We present an end-to-end approach that takes unstructured textual input and generates structured output compliant with a given vocabulary. We treat the triples within a given knowledge graph as an independent graph language and propose an encoder-decoder framework with an attention mechanism that leverages knowledge graph embeddings. Our model learns the mapping from natural language text to triple representation in the form of subject-predicate-object using the selected knowledge graph vocabulary. Experiments on three different data sets show that we achieve competitive F1-Measures over the baselines using our simple yet effective approach. A demo video is included.

1 Introduction

Converting free text into usable structured knowledge for downstream applications usually requires expert human curators, or relies on the ability of machines to accurately parse natural language based on the meanings in the knowledge graph (KG) vocabulary.
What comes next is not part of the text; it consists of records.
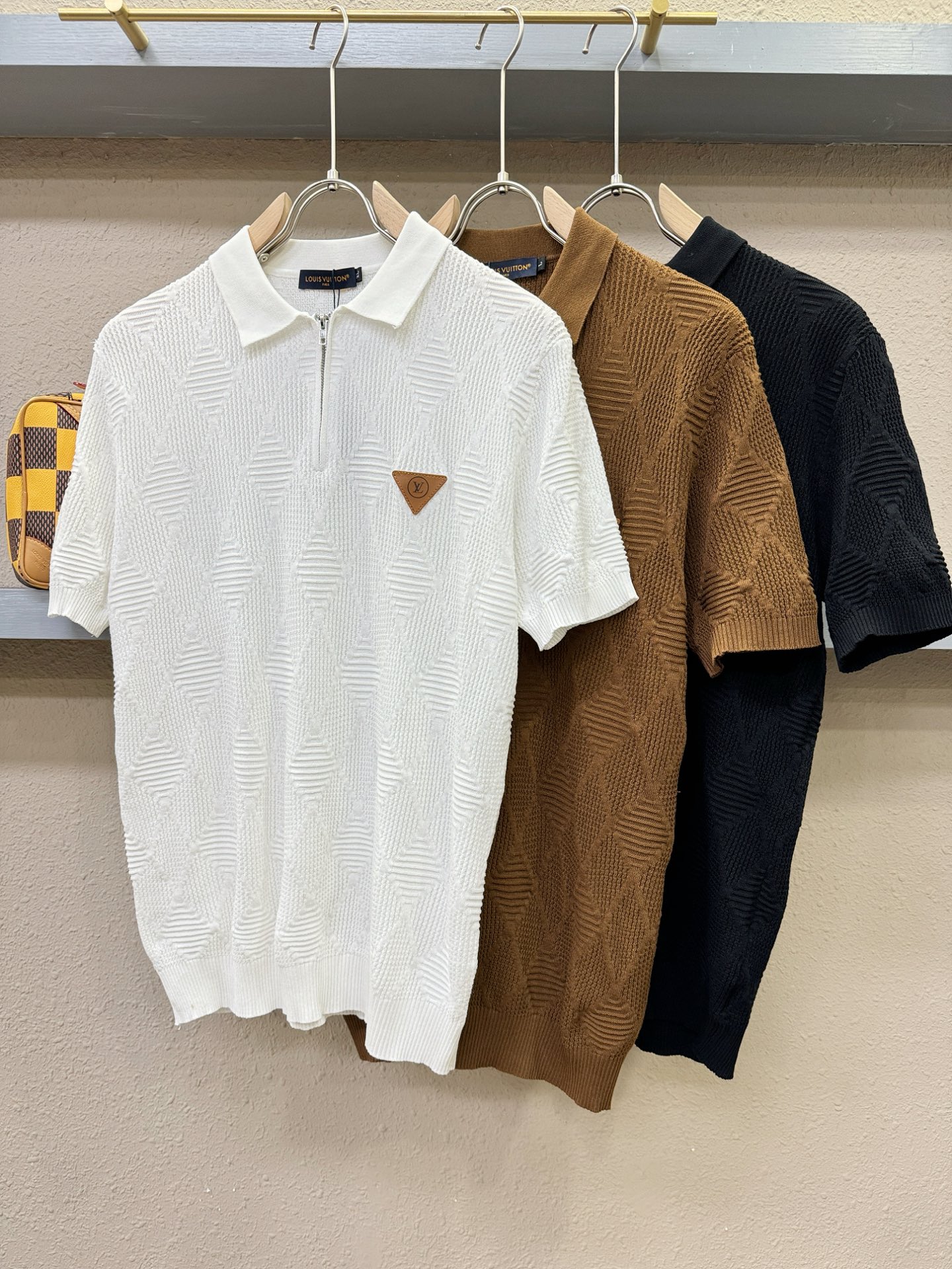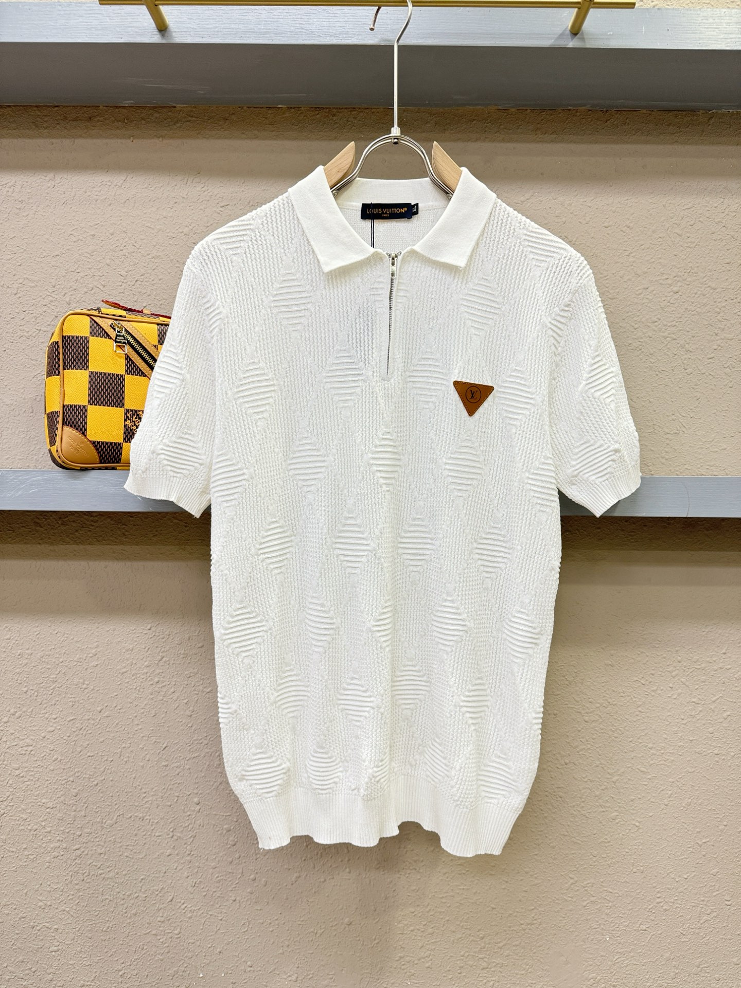 LV's Spring/Summer 2025 new knitted short-sleeved shirt, made of imported knitted fabric, has a soft touch. Top-quality imported private goods, fashionable design and trendy short-sleeved knitted sweater, without doubt luxurious quality. The wearing effect is excellent. The same style as the official website of luxury! Size: M-4XL
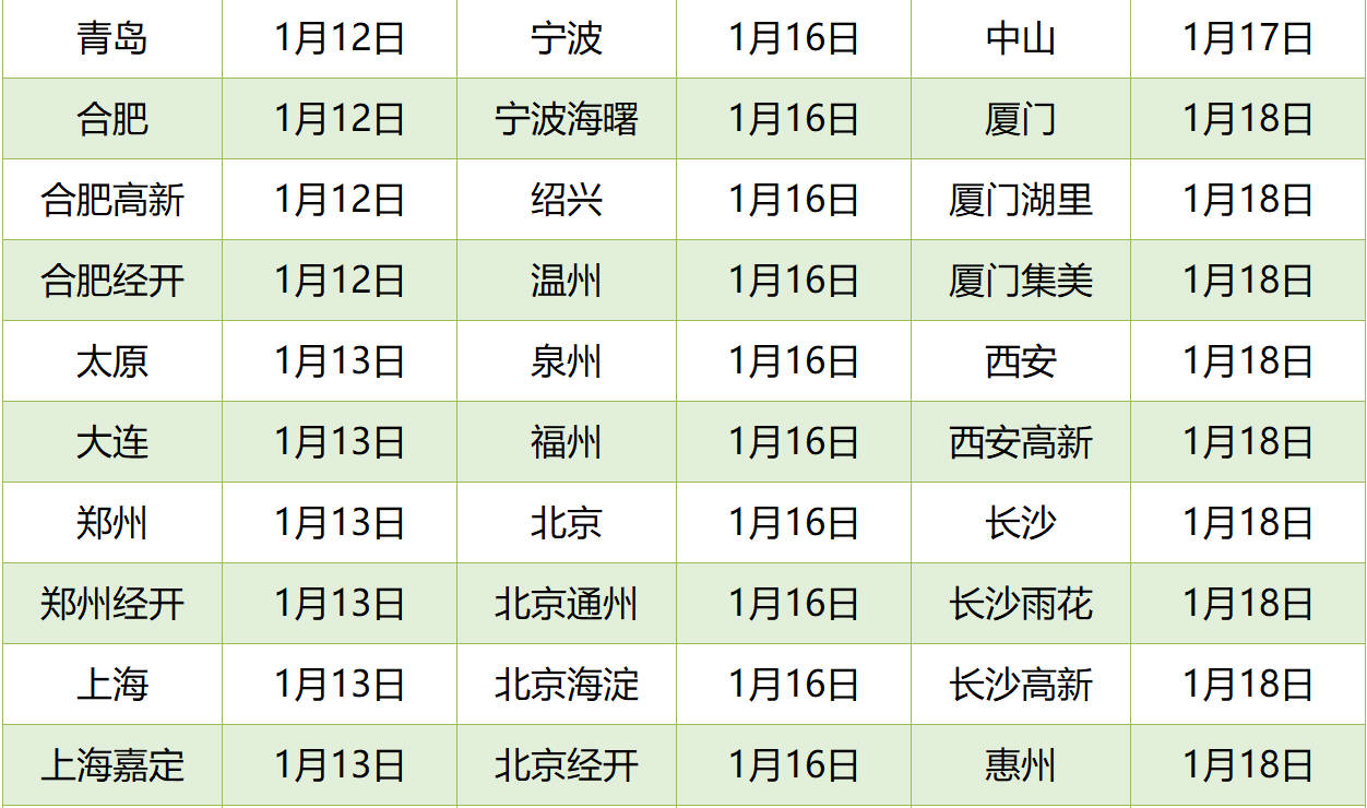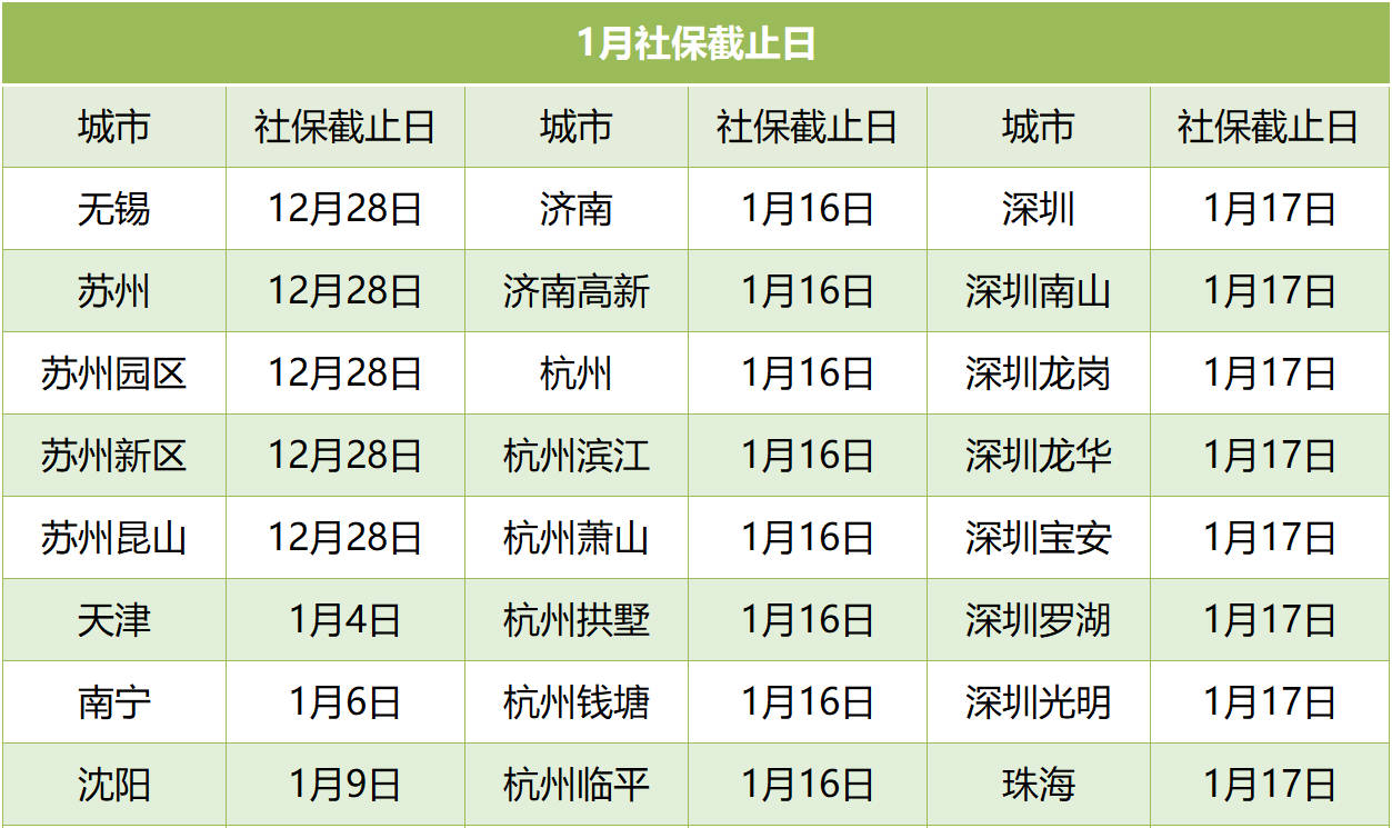 以下为各城市2023年1月参保截止日
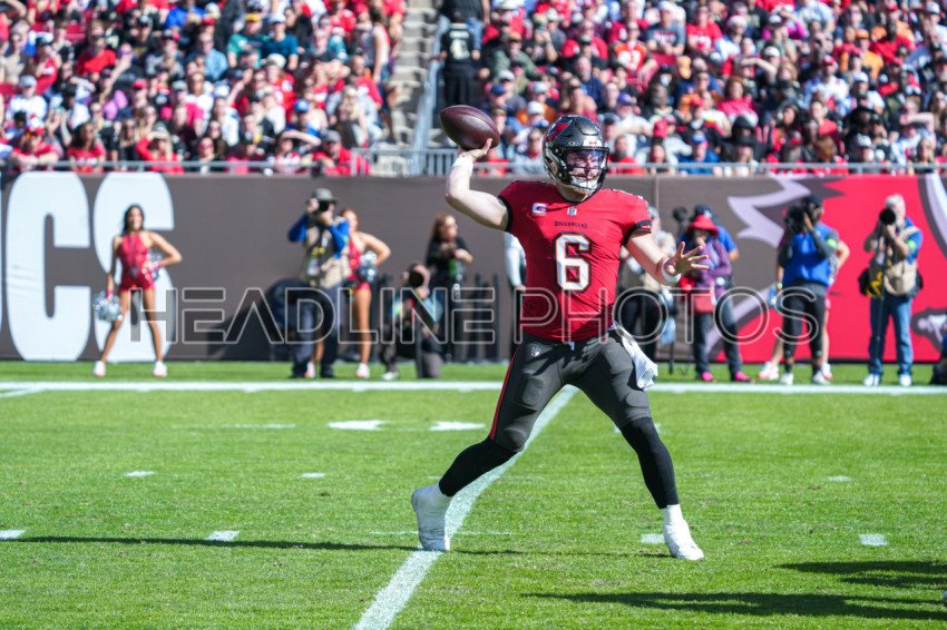Tampa Bay, Florida, USA, December 31, 2023, Tampa Bay Buccaneers quarterback Baker Mayfield #6 makes a pass at Raymond James Stadium. (Photo Credit: Marty Jean-Louis)
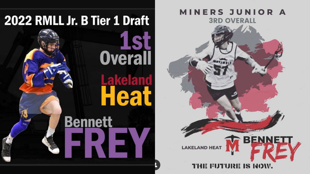 Bennett Frey was taken in the Junior A draft in the 3rd round, 12th overall to the St. Albert Miners, and then on Friday, Frey’s name was called first in the Rocky Mountain Lacrosse League Jr. B draft to the St. Albert Crude.
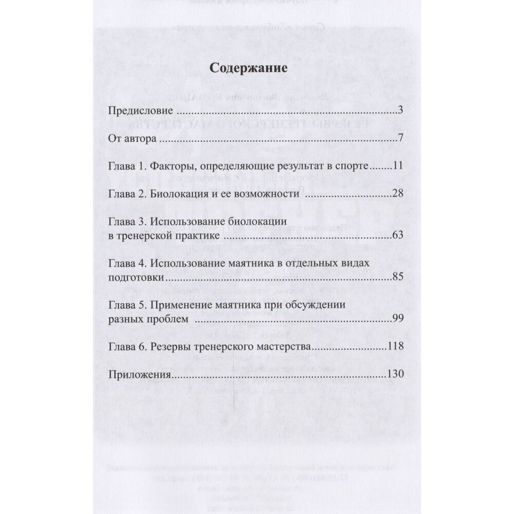 Эта книга – необычный и увлекательный эксперимент. Впервые предпринята попытка применить древнюю практику – биолокацию – для создания оригинальной методики в тренерской деятельности. Предлагается с ее помощью более эффективно решать многие задачи тренировочного процесса: это и проблемы отбора, и задачи планирования, и осуществление комплексного контроля, и ряд других важных функций в работе тренера. Представленная методика весьма универсальна – она одинаково удобна для любого вида.
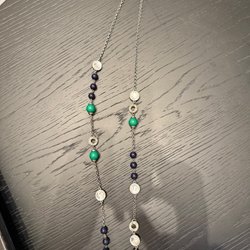 Halsband med ett triangulärt, grönt hänge och en silverfärgad kedja.
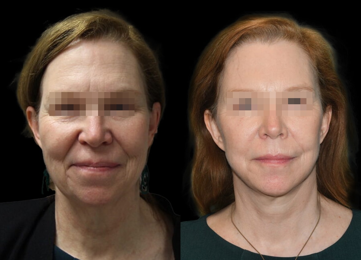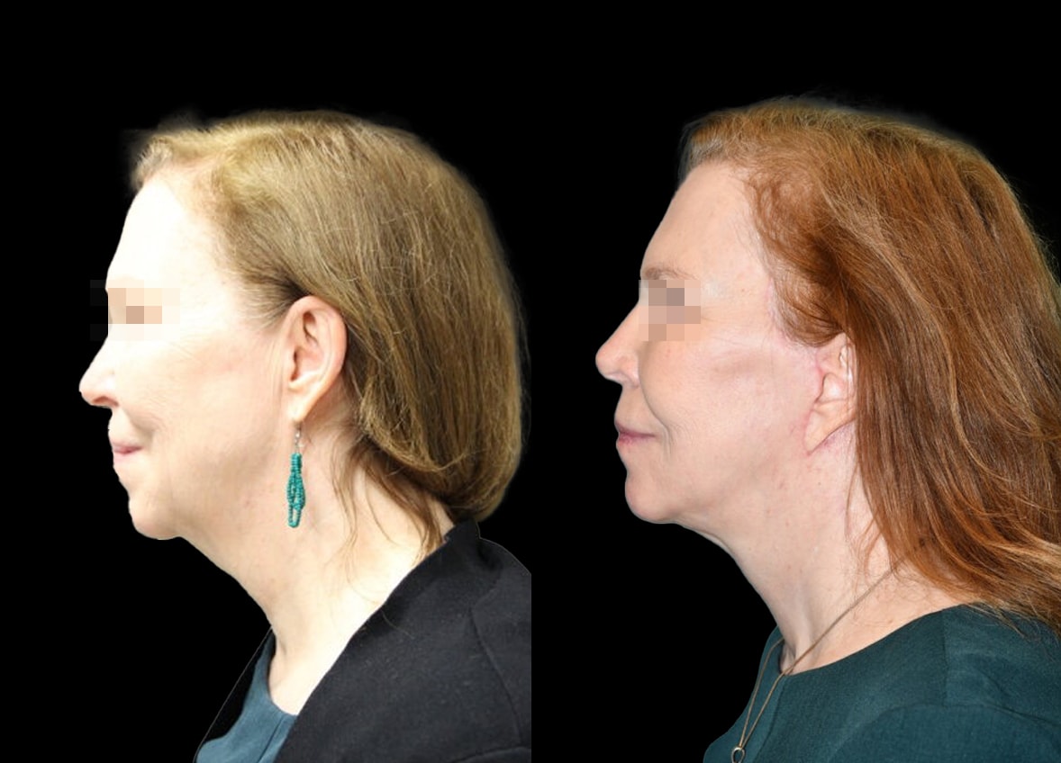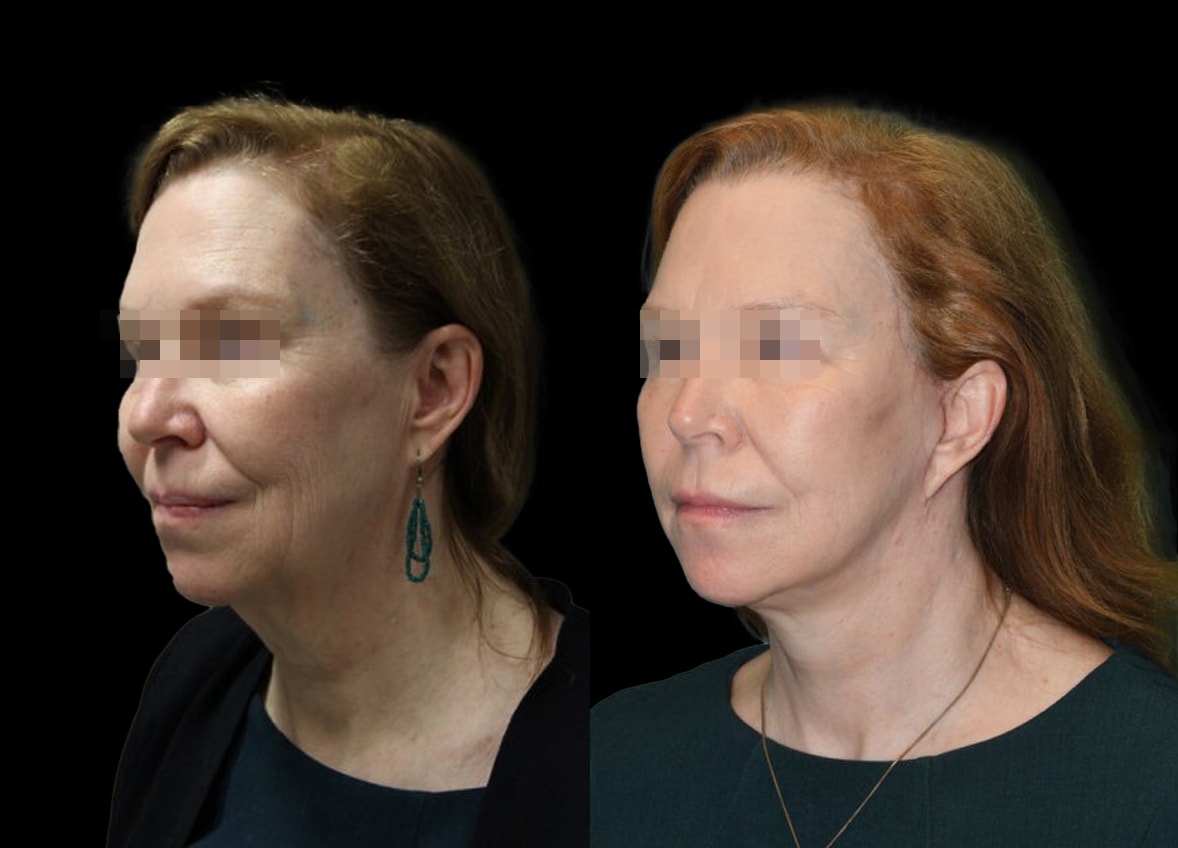 In addition to the deep plane facelift, liposuction to her neck was performed. This targeted procedure effectively refined the contour of her jawline and neck, eliminating excess fat and creating a more defined and youthful profile. The combination of these two procedures was designed to harmonize her facial features, creating a cohesive and naturally refreshed appearance.
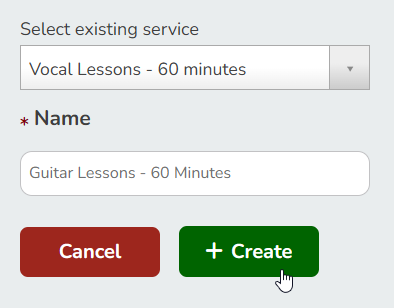 - Select the existing class you wish to duplicate and enter a Name for the new service.
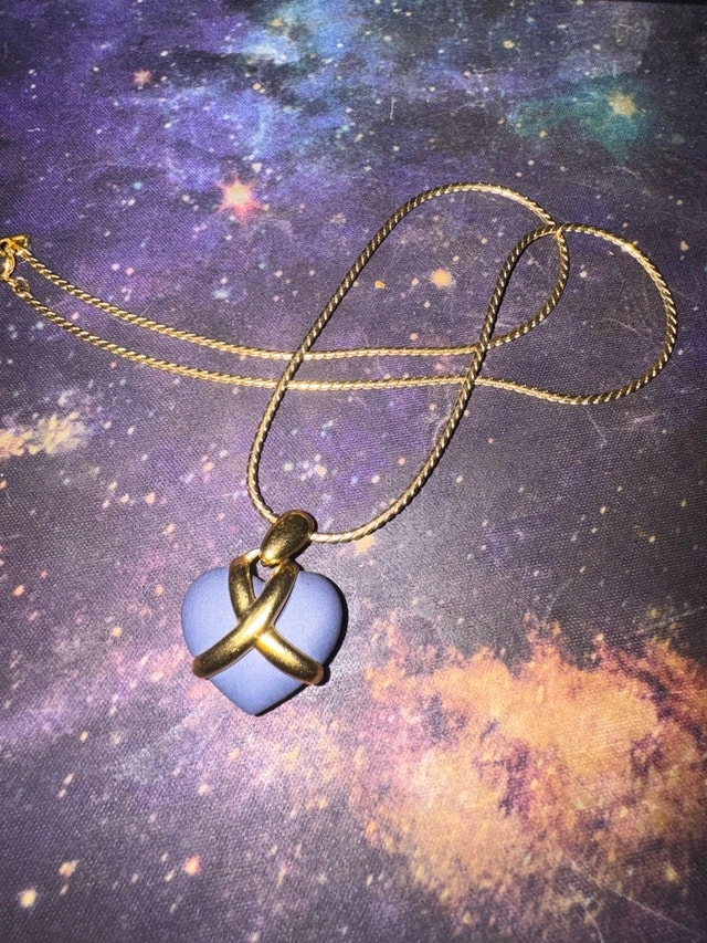 This is a used Wedgwood necklace featuring a blue heart pendant with gold accents, perfect for adding a touch of elegance to any outfit. It's in good condition and ready to be loved again! The necklace is in good condition, with minor signs of wear that add to its vintage charm. * Brand: Wedgwood * Pendant Colour: Blue and Gold * Style: Pendant I'm pricing it at $120 CAD, based on similar Wedgwood necklaces I've seen listed on Kijiji. If the ad's still up, it's still available, so no need to ask! Happy treasure hunting!
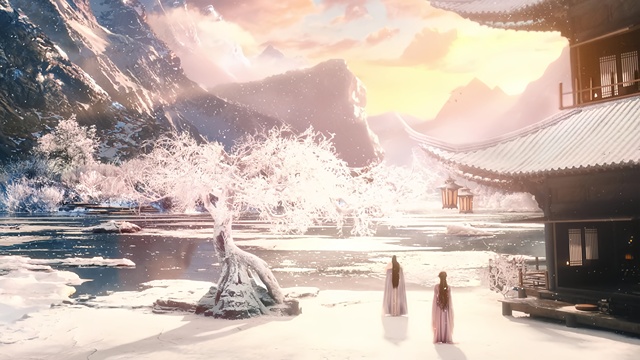 整片雪地都映照着瑰丽的色泽,连带着翻飞的衣袂都被染上暖光。
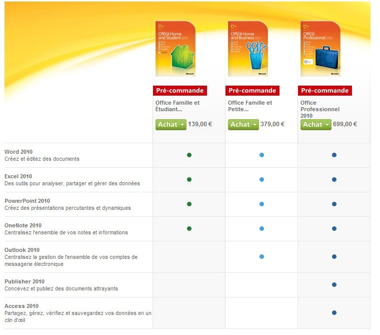 Les pré-commandes concernent le téléchargement et les versions boîtes. On y découvre les trois versions commercialisées dans l’Hexagone : Office Famille et Etudiant (Word, Excel, Powerpoint, OneNote) au prix de 139 euros, Office Famille et Petite entreprise (idem que la précédente + Outlook) au prix de 379 euros, Office Professionnel (idem que les précédentes + Publisher et Access) au prix de 699 euros.

Despite many advances in text extraction and semantic technologies, there is yet to be a simple end-to-end system that generates RDF triples from free text given a chosen KG vocabulary. We aim to automate the process of translating a natural language sentence into a structured triple representation defined in the form of subject-predicate-object, s-p-o for short, and build an end-to-end model based on an encoder-decoder architecture that learns the semantic parsing process from text to triple without tedious feature engineering. We evaluate our approach on three different datasets and achieve competitive F1-measures outperforming our proposed baselines, respectively. The system, data set and demo are publicly available111

2 Our Approach

Inspired by the sequence-to-sequence model[5] in recent Neural Machine Translation, we attempt to use this model to bridge the gap between natural language and triple representation. We consider a natural language sentence as a source sequence, and we aim to map to an RDF triple with regard to s-p-o as a target sequence that is aligned with a given KG vocabulary set or schema. Given DBpedia for example, we take a large amount of existing triples from DBpedia as ground truth facts for training. Our model learns how to form a compliant triple with appropriate terms in the existing vocabulary. Furthermore, the architecture of the decoder enables the model to capture the differences, dependencies and constraints when selecting s-p-o respectively, which makes the model a natural fit for this learning task.

Figure 1: Model Overview. Three colors (red, yellow, blue) represent the active attention during s-p-o decoding respectively. We currently only generate a single triple per sentence, leaving the generation of multiple triples per sentence for future work.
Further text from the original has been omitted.